Liberal Democrat London Assembly member Caroline Pidgeon, a long-time critic of the bridge and its procurement history, accused Khan of adopting ’exactly the same’ position as his predecessor Boris Johnson in refusing to listen to those with serious concerns about the project.
‘These stretch from TCOS through to Inner London Ramblers, and from the president of the RIBA through to a growing number of councillors from both Lambeth and Westminster,’ Pidgeon said. ‘You can’t claim to be the mayor for all Londoners and then ensure your office door is only open to those who back the Garden Bridge.’
If you’re well-connected and slick you can access Sadiq’s closest advisers
Former Tory transport minister and candidate for mayor of London, Steven Norris, called the FOI findings ‘worrying’.
‘Sadiq Khan has of course asked Margaret Hodge to look at the value for money of the scheme, but it is surely only fair that its many opponents have the chance to make their case to the mayor’s chief of staff if not to the mayor himself,’ Norris said.
TCOS member Michael Ball said it was notable that Khan is willing to meet with ‘developers and money men’ but would not properly scrutinise what he described as the waste of ‘tens of millions of pounds’ worth of taxpayers’ money.
‘The message is clear,’ Ball said. ‘If you’re well-connected and slick you can access Sadiq’s closest advisers and persuade him to commit yet more of our money on this sinking project. But if you represent ordinary Londoners - 70 per cent of whom don’t want this wretched bridge - you can wait until the twelfth of never to meet him.
‘Even his GLA Labour Party colleagues are refused access, and are forced to pass resolutions, supported by all parties, protecting the public purse from this vanity project.’
It is important that the mayor hears… not just the propaganda
Labour London Assembly Tom Copley did not criticise Khan directly but urged him to meet with campaigners and the local community ‘at the earliest opportunity’.
He said: ‘It is important that the mayor hears first-hand the views of those who oppose the Garden Bridge, not just the propaganda spewed out by the glossy PR machine at the Garden Bridge Trust.’
Last August, the AJ revealed that the newly-elected Khan had turned down separate meeting requests with leading architects Richard Rogers, Terry Farrell and Jane Duncan, by citing his busy schedule.
A spokesperson for the mayor of London said: ‘The mayor’s position is widely on the record. He is supportive of the project but is clear that no more of Londoners’ taxes for which he is responsible will go into the Garden Bridge.
‘The Garden Bridge Trust has had a funding commitment from TfL established by the previous mayor and therefore it is right that his team monitors progress with the project.’
Garden bridge revised
Will Jennings, anti-Garden Bridge campaigner and founder of A Folly for London
’In his publication “A City For All Londoners” last October, Sadiq stated, “I will work with communities and civil society groups across London to encourage active participation in community and civic life.” The Garden Bridge has helped instigate some of the most determined, deeply-researched and active citizens who would welcome the opportunity to work with Sadiq, but the mayor has simply turned his back.’
Alexandra Runswick of the Alliance for Lobbying Transparency
’The Garden Bridge is a contentious project with strong views on both sides.

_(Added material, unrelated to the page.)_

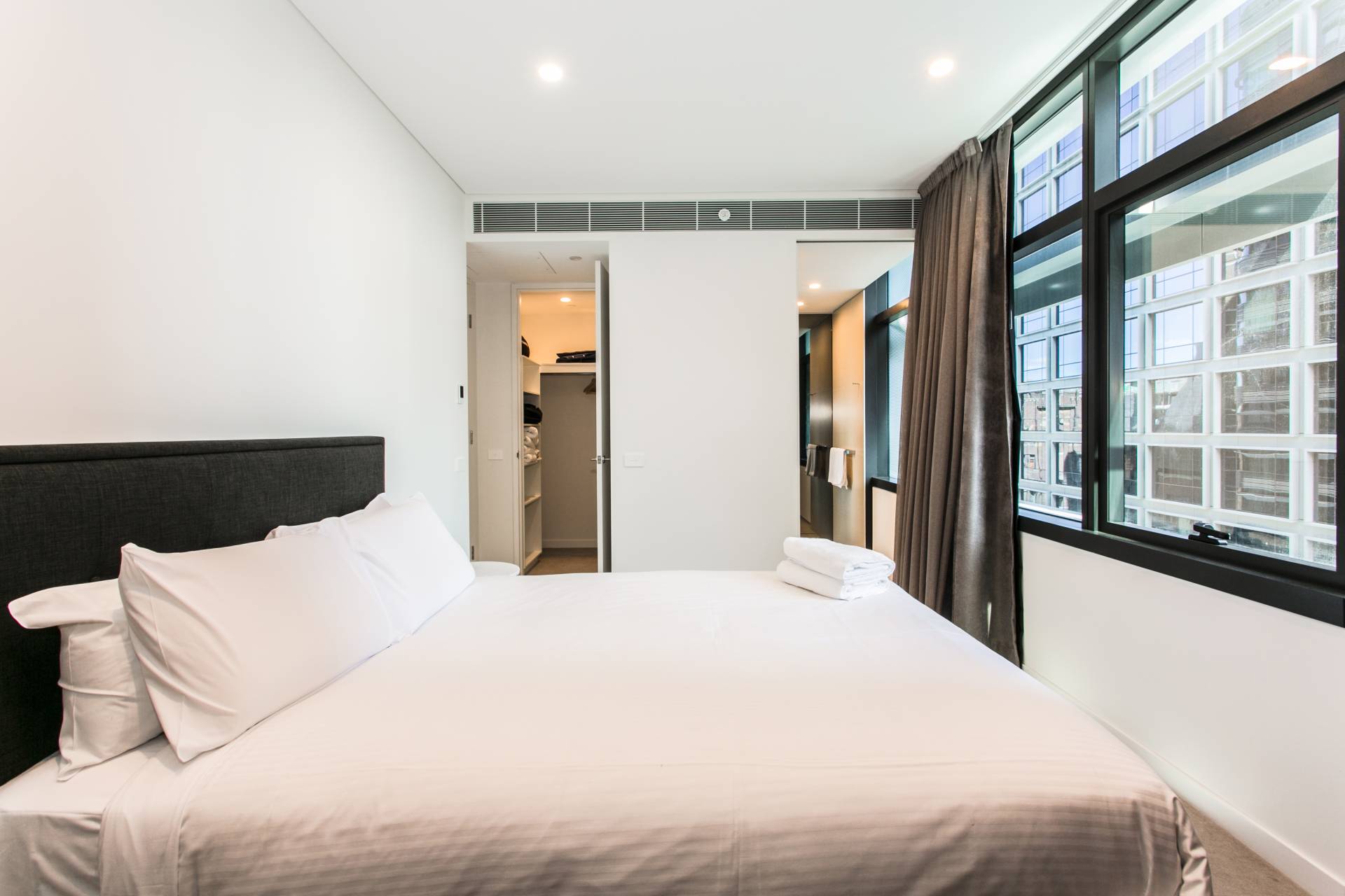 This beautifully presented apartment has been furnished with designer furniture that is modern and sheek, the beds are very comfortable and luxurious with mattresses from sealy posturpedic. No expense has been spared. Spacious two bedroom, two bathroom plus parking with a huge loggia area.

Fundamentally however, this project is going to be funded by the public purse and the mayor therefore has a duty to be fully transparent about how he is making decisions, and the public must be able to hold him account for these decisions. The mayor and his team must be willing to meet with both sides, otherwise they are left open to the charge that special interests are being granted privileged access. This gives the impression they are subject to undue influence, which undermines democratic processes and trust in government.
’Decision-making in local government must be open and transparent. Unfortunately we have a very weak statutory lobbying register in place which does not cover the mayor’s office. We therefore know very little about who is seeking to influence the mayor, and about what policy areas or projects. The mayor and his staff must be open to hearing a full range of views on which they can deliberate and make a fully informed decision that is influenced by a wide range of stakeholders, and not just those who are given privileged access to the mayor’s staff.’